# Good online website to order HQ prints?



## nmasson (May 13, 2010)

Hello,
 I was wondering if anybody could recommend a good website to have high quality large prints made and mailed to you? There are a few good photo labs in town, but I figured that an online lab would probably be a better deal... If it's relevant, I live in California, near San Francisco.
Thanks!
-NICK


----------



## RikkFlohr (May 13, 2010)

Personally, I am fond of White House Custom Color. www.whcc.com Conveniently for me they are located 12 miles from my home in Minnesota but they are a 'national lab'. I have a set of WHCC Lightroom Export Presets available for free on my website at: http://www.fleetingglimpse.com/services/lrkeywordlists.htm and click on the WHCC button at the bottom of the page.

I have heard good things about MPIX but have never used them. I am certain others will chime in here as well.


----------



## Replytoken (May 13, 2010)

I have had prints done through SmugMug when they were using EZ Prints. I believe they now use EZ Prints as well as another lab. I was happy with the 11x14's that printed for me. You may want to give them consideration.

--Ken

Update - The other lab used by SmugMug is Bay Photo. It appears that they use Bay for hand color correction of images.
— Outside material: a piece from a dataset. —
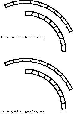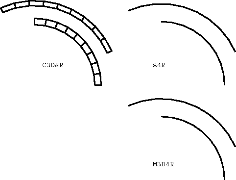 ProductsAbaqus/Explicit Elements testedCPE4R C3D8R M3D4R S4R Features testedLarge deformation kinematics, elastic-plastic material with strain hardening, user material, multi-point constraints. Problem descriptionThe rotating cylinder problem was proposed by Longcope and Key (1977) as a means of exercising finite rotation algorithms. In this problem a cylinder with an initial angular velocity of 4000 rad/sec and a zero initial stress state is modeled. (This is physically impossible because the body forces would generate a stress field under this angular velocity. Nevertheless, these initial conditions are acceptable, since this is merely a numerical experiment.) The inside of the cylinder is subjected to an instantaneous application of a pressure of 67.3 MPa (9760 psi). The elastic material properties are defined as Young's modulus of 71 GPa (1.03 × 107 psi), Poisson's ratio of 0.3333, and density of 2680 kg/m3 (2.508 × 10−4 lb sec2 in−4). An isotropic hardening plasticity model is used with an initial yield of 286 MPa (4.15 × 104 psi) and constant hardening modulus of 3.565 GPa (5.17 × 105 psi). Only one-quarter of the ring is modeled using a constraint equation and a multi-point constraint to enforce the repeated symmetry boundary condition. A local cylindrical coordinate system is defined at each material point of the mesh. Results and discussionThe first case considered is a two-dimensional model using CPE4R elements. In this case two meshes are defined in the same problem, as shown in Figure 1. The lower mesh in Figure 1 uses the built-in Mises isotropic hardening plasticity model. The upper mesh in Figure 1 employs user subroutine VUMAT with the kinematic hardening Mises model described in Models for metals subjected to cyclic loading. Figure 2 shows the time history of the maximum principal stress in the two-dimensional model for both cases. Figure 3 shows the time history of equivalent plastic strain in the two-dimensional model for both cases. Figure 4 shows the energy histories in the two-dimensional model. The energy history is particularly important in this analysis because it demonstrates that there is no energy lost in the enforcement of multi-point constraints. The second case is a three-dimensional representation of the same problem using shells, membranes, and brick elements to model the ring with suitable boundary conditions to reproduce closely the original two-dimensional model. The built-in Mises isotropic hardening plasticity model is used. The meshes for the three-dimensional case are shown in Figure 5. Figure 6 shows the time history of the maximum principal stress in the three-dimensional model for both cases. Figure 7 shows the time history of the equivalent plastic strain in the three-dimensional model for both cases. Figure 8 shows the energy histories in the three-dimensional model. Note that each energy quantity is summed over the two cases. The results compare well with those obtained by Longcope and Key (1977). Input files

Here ia a page that talks about both labs: http://www.smugmug.com/help/choice-of-printing-labs .


----------



## Robert T Higaki (May 16, 2010)

I like to deal with people face to face so I have more confidence working the the printer to make sure the job is done right. Based on your location, I was going to recommend the New Lab in SF but it appears to be out of business.
I have done business with Calypso( Santa Cruz, CA) and Laser Light Photographic(Aptos, CA). Unfortunately, Calypso went out of business early this year. All the clients were transferred to West Coast Imaging(Oakhurst, CA- between Yosemite and Fresno). http://www.westcoastimaging.com/wci/page/services/products.html
I personally like Laser Light since they are located in between work and home. And, more importantly, they do excellent work.http://www.laslight.com/

                                      Good Luck,
                                       Bob- the slide shooter at heart


----------



## Linwood Ferguson (May 17, 2010)

Depends on your definition of quality of course, but you might also look at Costco if one is nearby and you are a member. They are darn good (not great, not like a real pro lab), and really cheap. Most importantly they (unlike many others) will let you turn off color correction from their order page, so they go straight through with your color management (and they publish ICC profiles).

At $1.49 for an 8x12 (with tax but no shipping) it is awfully cheap for good quality prints. I wouldn't put them up against a Bay Photo perhaps, but I frequently do EZ Prints from Smugmug, and I am not sure I could tell the difference on a standard sort of print (EZ Prints has a LOT more features to offer of course).


----------